The changes started with the reinvention of PSMA’s delivery mechanisms to give its customers the data they need, when and how they need it, and continues through an organisational redesign that is enabling the company to react more quickly to the changing (metaphorical and literal) landscape.

Paull says the location data gives companies in the telecoms sector the ability to understand the best type of technology to connect telecommunications services to a building – including how tall a building is in relation to other buildings, topography in the area and whether it has line of sight for mobile coverage.

As he explains, there can be mobile network “shadows” and blackspots in urban areas, and companies need the location information collected by PSMA’s Geoscape technology, including where there are blackspots, before they can confidentally roll out expensive mobile networks.

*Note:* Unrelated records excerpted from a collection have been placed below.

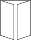 Gate Fold: Type of folding which will result in a tri-panel piece with a portion of the right side folded to the left and a portion of the left side folded to the right, opening up to the “inside” of the piece, as if two gates were opened.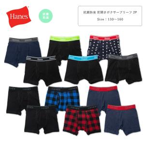Hanes ヘインズ 抗菌防臭 2枚組 ボクサーパンツ キッズ ジュニア コットンストレッチ 綿100% 前開き 男子 男の子 130 140 150 160 hb6ez701 hb6ez702 [BB-04]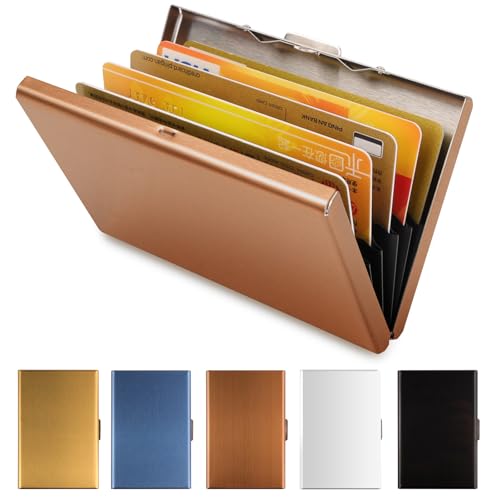 Vicloon Korthållare i metall, plånbok med kortfack, ultratunn, i rostfritt stål och metall, med RFID-blockering, kreditkortshållare för män och kvinnor, bästa kortskyddet med 6 PVC-spår och rostfri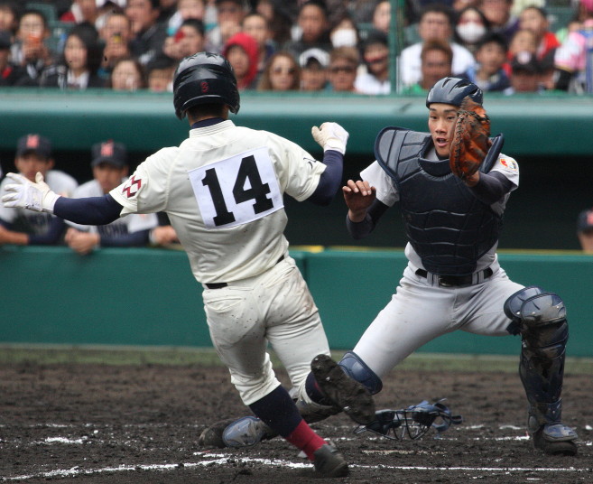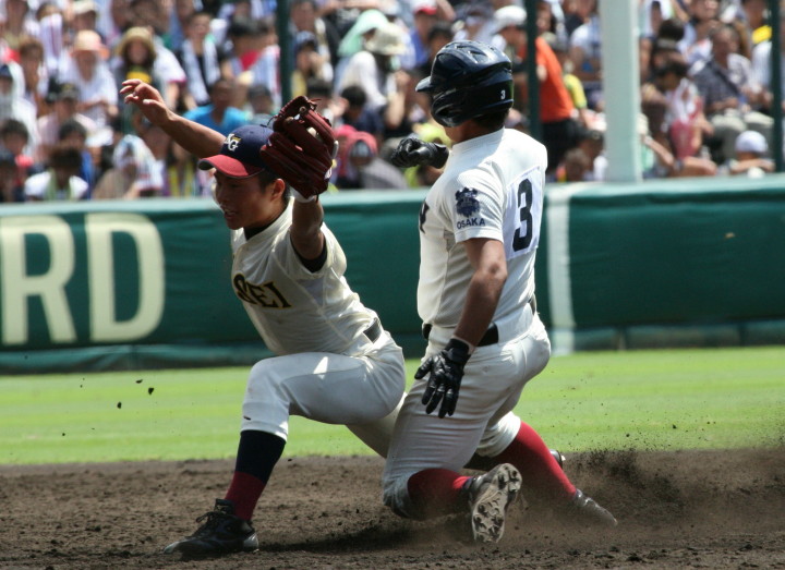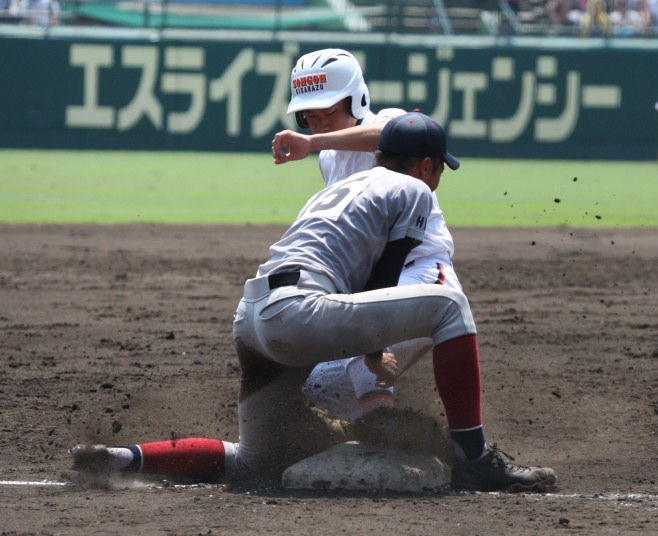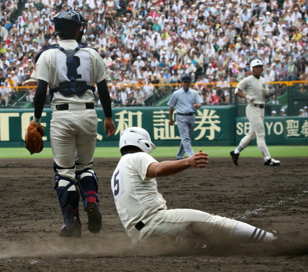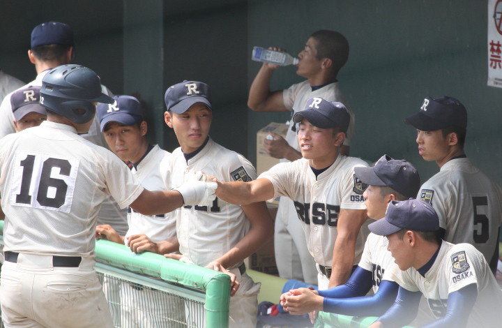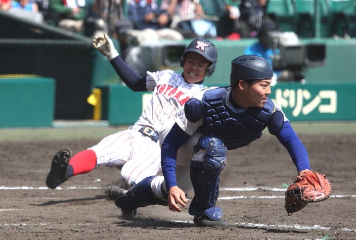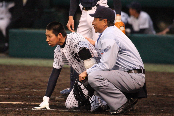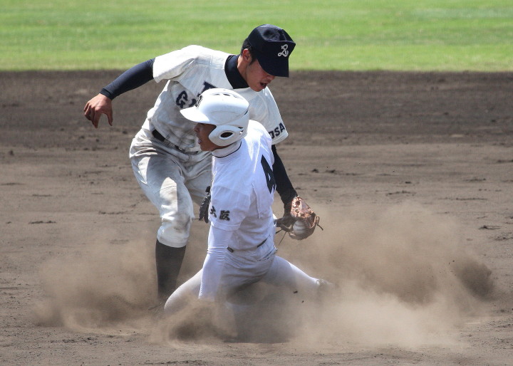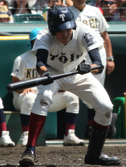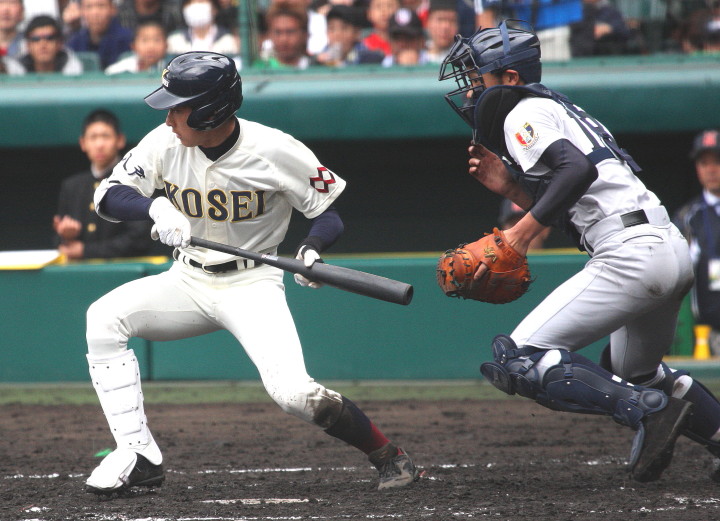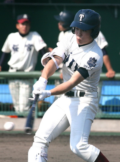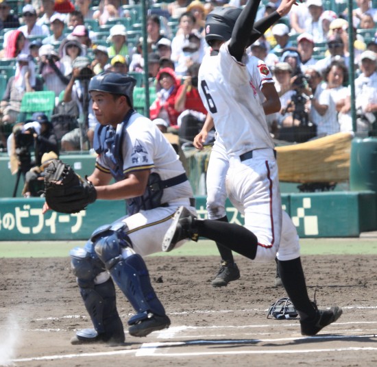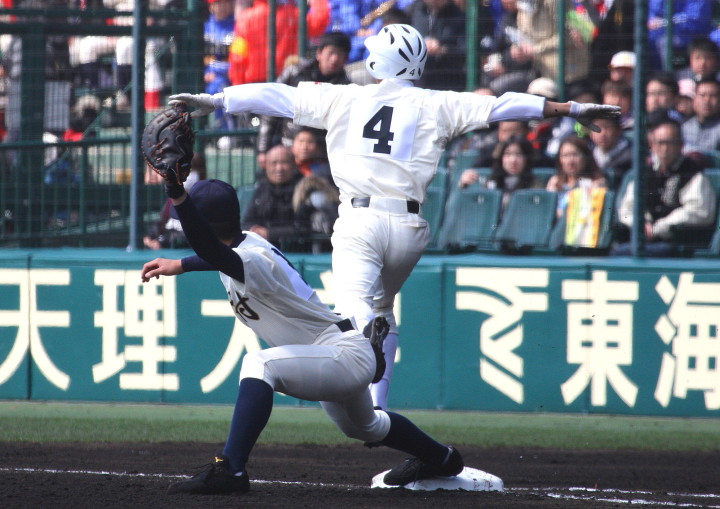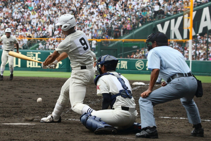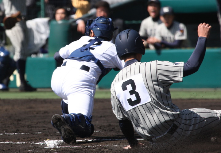 | 注目の四試合、実力伯仲のベスト8、その日の体調とちょっとしたゲーム配びの妙で勝敗が分かれる。 大阪桐蔭は初回高崎の機動力による無安打での1失点を喫したが、3回正随がセンターへタイムリー2点三塁打で逆転。 一度は同点に追いつかれたが、7回C中村のレフト越え2ランHRで勝ち越し、8回には中村がレフト前にダメ押しタイムリー。 |

“We need to know more about the built environment so Geoscape can be utilised to improve some of those problem,” Paull says.

He says it’s a similar situation in the insurance industry when companies in the sector are assessing the risk for a business or fire or flood and need to know where a building is located and, for instance, the flood prone risks of that building.

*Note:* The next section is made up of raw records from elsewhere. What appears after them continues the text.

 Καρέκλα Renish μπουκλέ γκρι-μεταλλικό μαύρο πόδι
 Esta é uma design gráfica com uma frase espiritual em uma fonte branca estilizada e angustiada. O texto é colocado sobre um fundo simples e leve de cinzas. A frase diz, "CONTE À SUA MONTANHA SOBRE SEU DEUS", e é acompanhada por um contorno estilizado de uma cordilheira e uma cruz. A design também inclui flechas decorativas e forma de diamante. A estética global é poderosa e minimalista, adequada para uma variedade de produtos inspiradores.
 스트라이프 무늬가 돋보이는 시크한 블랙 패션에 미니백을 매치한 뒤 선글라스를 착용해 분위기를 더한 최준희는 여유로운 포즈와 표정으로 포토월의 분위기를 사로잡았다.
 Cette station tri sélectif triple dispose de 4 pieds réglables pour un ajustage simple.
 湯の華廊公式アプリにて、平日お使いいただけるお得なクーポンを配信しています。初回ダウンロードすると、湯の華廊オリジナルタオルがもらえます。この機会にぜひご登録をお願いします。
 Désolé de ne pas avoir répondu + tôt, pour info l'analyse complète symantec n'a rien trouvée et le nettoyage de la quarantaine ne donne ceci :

And he says the government-established company, which operates commercially, has already collated location data on 13 million buildings and properties throughout Australia, with the “milestone” of 15 million to be reached by the end of this year.

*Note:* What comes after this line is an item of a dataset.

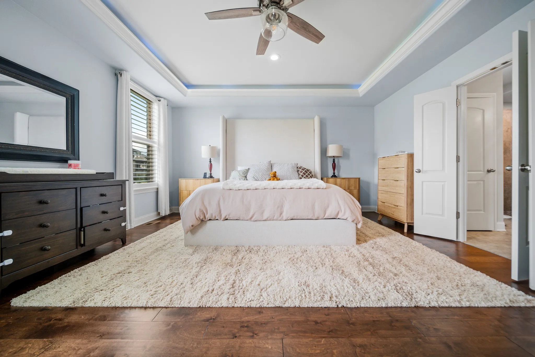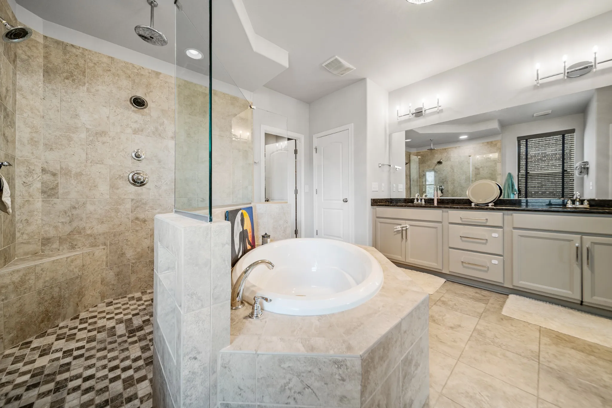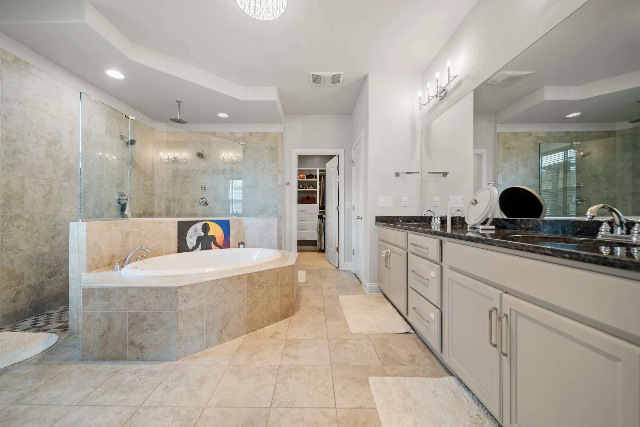 Nestled in the highly desirable Canterbury neighborhood, this beautifully maintained 4-bedroom, 3-bathroom home offers the perfect blend of comfort, elegance, and everyday functionality—all within 3,219 square feet of thoughtfully designed living space. Step inside, to an open floorplan with SOARING CEILINGS that flood the home with natural light. The main level includes a spacious primary suite tucked privately behind the living area, complete with a luxurious en-suite bathroom featuring a DOUBLE-OVERSIZED SHOWER, a separate soaking tub, and a large walk-in closet with CUSTOM BUILT-INS.\n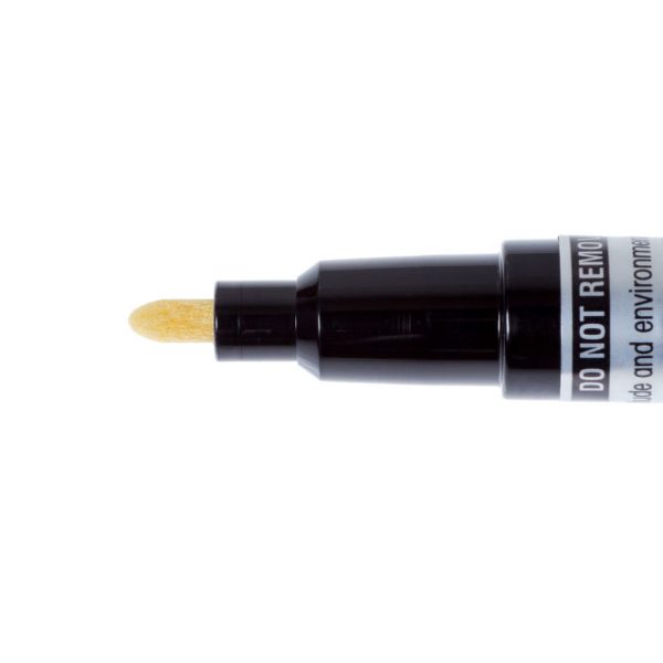 Pennarello a base olio con punta tonda, vernice permanente e coprente con effetto smalto.

PSMA’s Geoscape technology works by combining advances in high-resolution satellite imagery, machine learning and big data processing to create a digital representation of the built environment for every address in Australia.

As Paull explains, PSMA’s API  services enable solution providers to connect location data to business or consumer applications so it can be accessed and used on demand, without ever having to store and manage large, complex geospatial datasets.

“This on-demand functionality and associated affordability opens up authoritative location data to a range of users and industries, as well as ensuring it remains current enough to suit the modern query environment.

“Users of location data have expectations about the data’s currency, and the speed and flexibility of its delivery,” Paull says.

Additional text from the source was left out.